Professor Hans Zaaijer van Sanquin benadrukt dat de gedaalde antistoffenniveaus niet hoeven te betekenen dat mensen ook weer vatbaar zijn voor het virus. “Het lichaam bouwt tijdens en na zo’n infectie ook immuungeheugen op. Dat betekent, dat bij een nieuwe infectie, het lichaam razendsnel weer antistoffen op kan bouwen. Een virus kan zo alsnog snel opgeruimd worden.” De daling van de antistoffen treedt niet bij iedereen op. Een flink deel van de donors met antistoffen houdt nog steeds een hoog niveau van antistoffen.
De daling betekent wel dat er meer haast zit achter het inzamelen van plasma van genezen COVID-19-patiënten voor het maken van een geneesmiddel. Sanquin zamelt dat plasma in om de antistoffen te kunnen concentreren en zo een geneesmiddel te maken dat (preventief) kan worden ingezet voor kwetsbare mensen. De planning is om dat medicijn dit najaar gereed te hebben.

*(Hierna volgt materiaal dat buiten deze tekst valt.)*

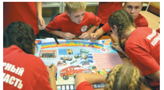
В конкурсе стенгазет 1-е место заняла ДЮП «Радуга» Калужской области.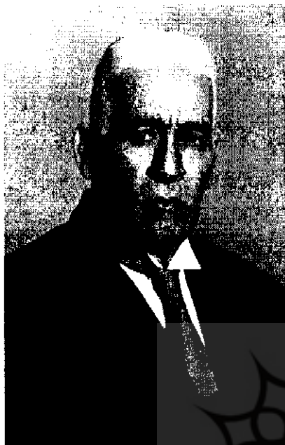
قاسم غنی | ۱۵-۲۶۰۴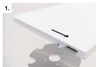
1. Отфрезеруйте продольный паз в полке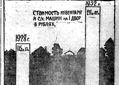
Ушел первый пятилетний ст. инвентаря и с.х. машин на один двор колхозника в 1932 году...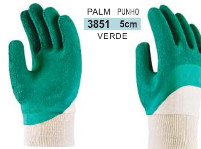
PALM PUNHO 3851 5cm VERDE

NITRILON C/ SUPORTE EM MALHA ACABAMENTO CORRUGADO, PUNHOS EM MALHA E DORSOS VENTILADOS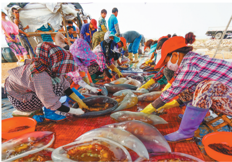
渔民们在处理刚刚打捞上岸的海蜇。

营口海蜇不仅产量可观,而且以肉质饱满、营养丰富、品质上乘闻名海内外。近年来,营口市经历了从海蜇捕捞到养殖和精深加工的华丽转型,是我国最大的海蜇养殖、加工和贸易集散地,是名副其实的“中国海蜇之乡”。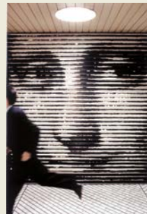
Une station de la métro à Tokyo, au Japon.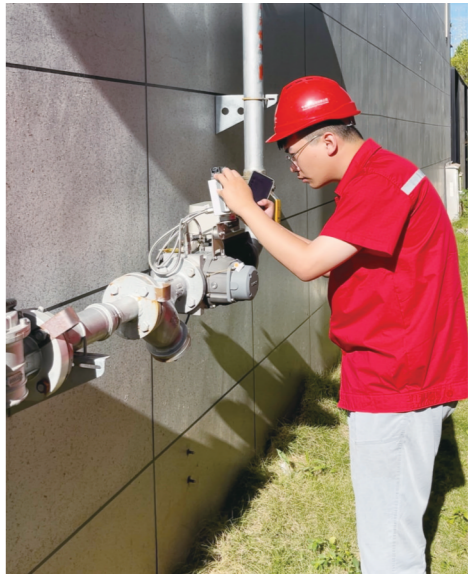
烈日下,巡检维护员在对燃气设施进行检查。

“每一次巡检,好比对燃气设施进行一次‘号脉’。”易敏称,越是高温天气,安全生产越不能放松。自今年6月份“安全生产月”活动启动以来,株洲中油燃气有限公司全体巡检维护员加大了对管网的巡查力度,坚持做到排查治理全覆盖、无盲区,坚决遏制燃气安全事故发生。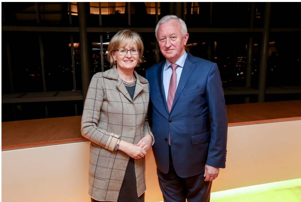
Podpredsednika Mairéad McGuinness in Bogusław Liberadzki

V skladu z Lizbonsko pogodbo je bila nacionalnim parlamentom in Evropskemu parlamentu zaupana naloga nadzora in pregleda na področju pravosodja in notranjih zadev, zlasti v zvezi z Europolom in Eurojustom. Delo skupine za skupni parlamentarni nadzor Europola, ki je bila ustanovljena leta 2017, predstavlja pomemben napredek pri medparlamentarnem sodelovanju. Glavna naloga skupine je politično spremljanje dejavnosti Europola pri izpolnjevanju nalog v času, ko je njegova vloga v boju proti terorizmu in organiziranemu kriminalu vse pomembnejša.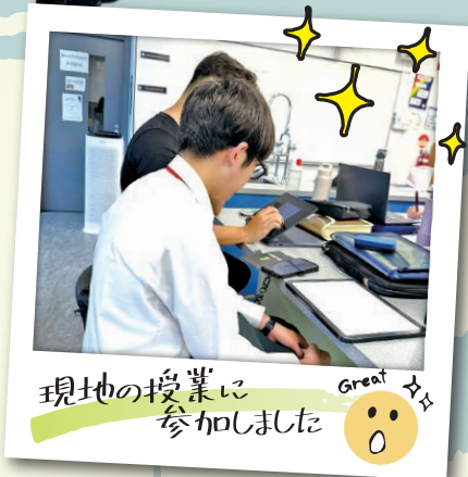
現地の授業に参加しました Great 😊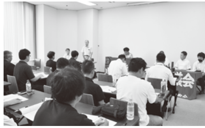
▲現業評議会定期総会のようす

8月23日、現業評議会は2025年度闘争及び現業統一闘争を全力で取り組み、組合員の生活と権利を守るための前進に向けた運動方針を確立すべく、全県から計23人の出席により定期総会を盛岡市で開催した。冒頭の菅原議長挨拶では「要求実現のためには現場の声を上げていくのが大事。今年は早い段階から新執行部の体制を整え、意見集約と併せて殆どの職場でオルグを実施し、各職場の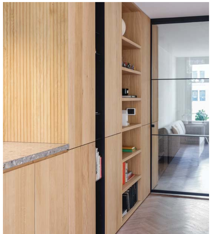
EEN OP MAAT GEMAAKTE KASTENWAND VAN MASSIEF HOUTEN PANELEN, GECOMBINEERD MET VERTICALE VAKKEN IN ZWART STAAL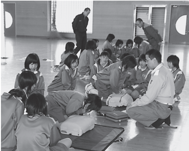
▲人形を使っの講習のようす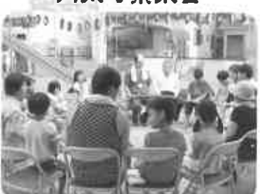
大数珠回しで無病息災祈願 (8月16日)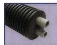
Tubes PE Pré-isolés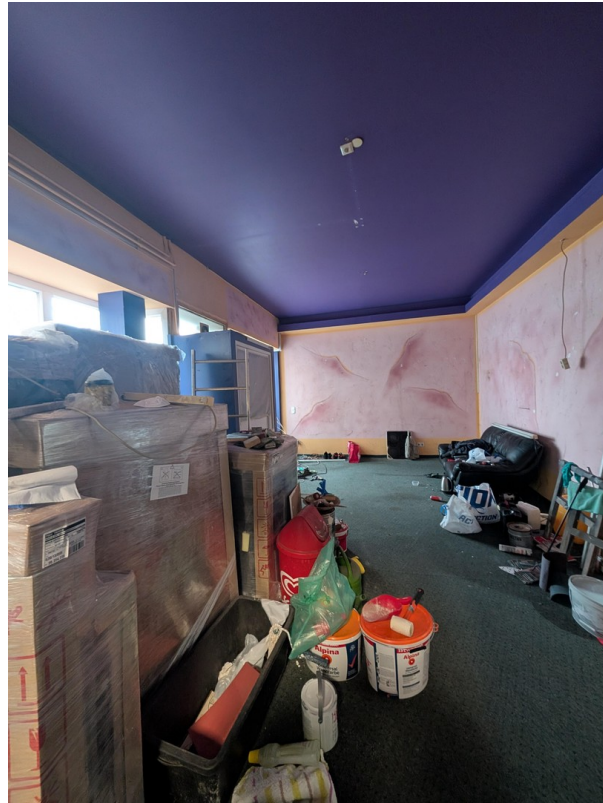
Innenansicht (Cafe SHOP)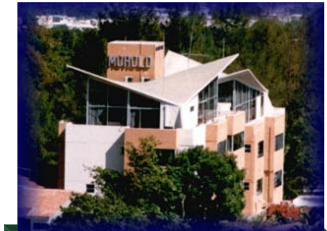
Edificio OIRSA, El Salvador.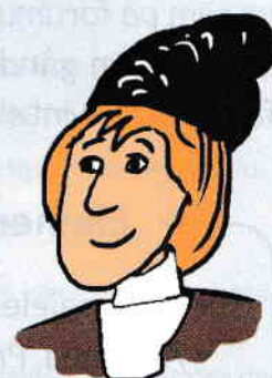
Păcală avocat, din volumul De-ale lui Păcală. Snoave populare

Judecătorul, auzind asta, a achitat procesul.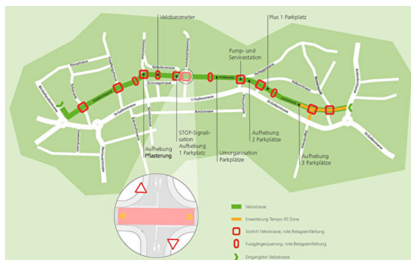
Abb. 4 Schematische Darstellung der geplanten Velostrasse, stadtgossau.ch

Über die Bischofszellerstrasse erreicht man direkt die geplante Velostrasse (Haldenstrasse) welche das Stadtgebiet parallel zur St. Gallerstrasse erschliesst.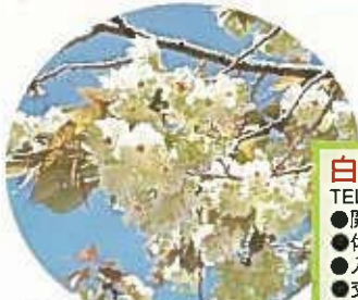
ギョイコウ(開花時期:4月下旬ごろ)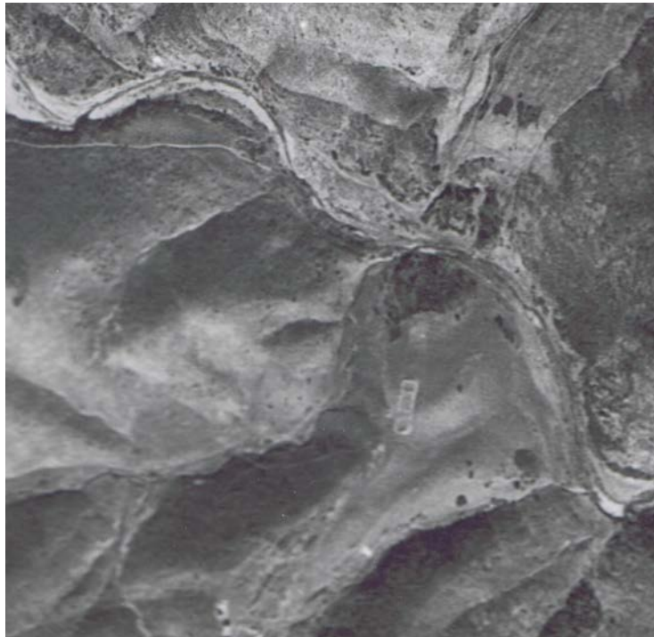
Foto 5. La Venta de La Iruela, a orillas del Magaña y al pie del Puerto del Muradal. Fotografía aérea año 1956.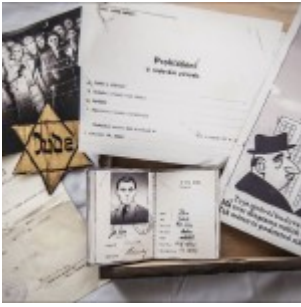
(c) Československo 38–89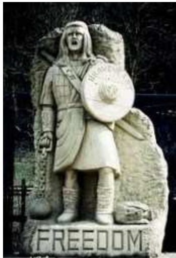
Estatua de Wallace inspirada en la película colocada junto al monumento a Wallace en Stirling en 1997.

ejército de Wallace contra los ingleses en la batalla de Stirling Bridge. Una nueva estatua de Wallace que se erigió en 1997 junto al monumento que ya existía en ese lugar tiene un parecido notable, en cuanto a ropa, cabello y rasgos físicos, con el aspecto que ofrece el actor Mel Gibson caracterizado como Wallace. Es más, en el escudo que lleva se lee la palabra “Braveheart”, y en el pedestal de la estatua está tallada la palabra “Freedom” (libertad), que es el grito que, en la película, profiere Wallace justo antes de morir bajo el hacha del verdugo en Inglaterra.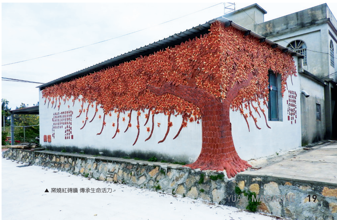
▲ 窯燒紅磚牆 傳承生命活力。

金門的四月，吹拂溫柔的風，陽光時而露臉，時而匿藏，但文化的馨香都在島上這一群善良的民衆身上傳承，栗喉蜂虎輕柔的鳴唱聲，繚繞在島嶼間，南方來的鳥朋友喜歡這一座島，歡迎喜歡金門的旅人慢遊金門，駐足親吻泥土的香氣，貼近土地，讓心醉在自然的金門，重新體驗金門人的熱情，與對文化傳承的堅持，誠懇的對待土地，和大自然一起水乳交融。源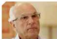
LUIZ CARLOS GUEDES PINTO ex-ministro da Agricultura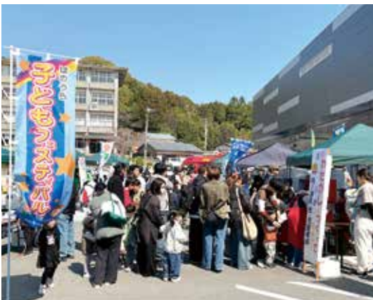
復活したはのうら子どもフェスティバル

また、意見を聞いて終わりではなく、どのような意見をいただき、施策にどう反映していくのかをこどもたちに分かりやすく示し、自分たちの意見で、阿南市をより良いまちに変えていけることを実感できるようにすることで、本市の将来を担う若者の市政への関心、参画へとつなげていきたいと考えている。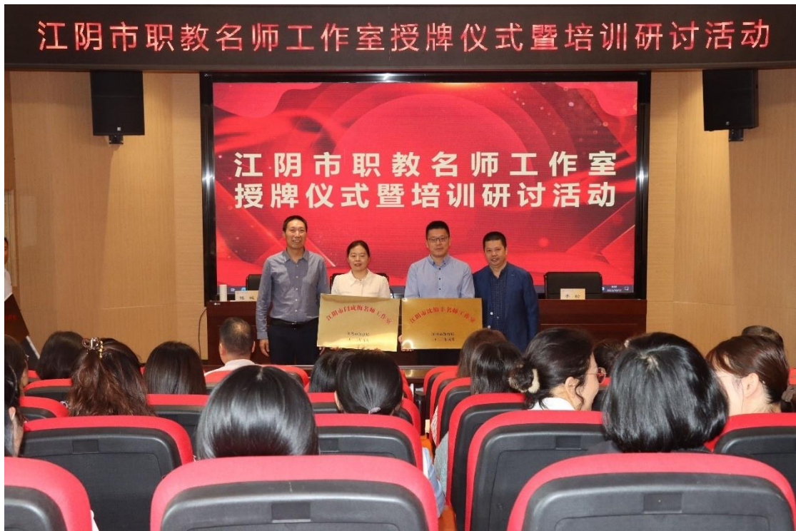
图 5 名师工作室授牌仪式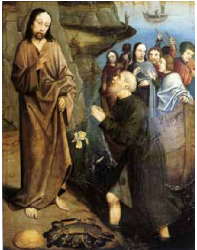
La pesca miracolosa - Anonimo XVI secolo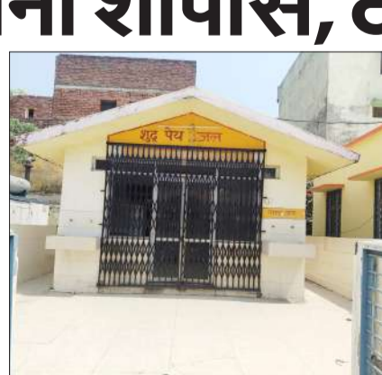
जिला अस्पताल में बना प्याऊ।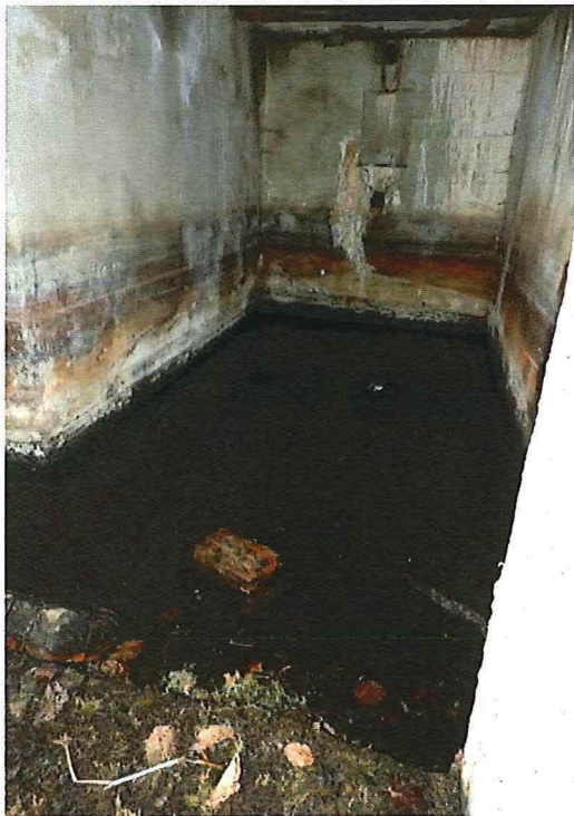
Foto 7: Zicht in de oostelijke binnenruimte. Onderaan de doorgang zijn bakstenen gemetst.

Sanquin blijft de percentages antistoffen de komende tijd meten. Met het RIVM is afgesproken dat sowieso de rest van 2020 te blijven doen op wekelijkse basis. Zaaijer: “We willen graag weten of de daling doorzet. En door dit onderzoek zien we ook heel snel of het aantal besmettingen weer stijgt, en zo ja: waar.”
Mensen die genezen zijn van COVID-19 kunnen zich bij Sanquin melden als ze plasma willen doneren. Na een keuring wordt hen gevraagd om 4 tot 6 keer antistoffenplasma te doneren. Met dat plasma maakt Sanquin een geneesmiddel.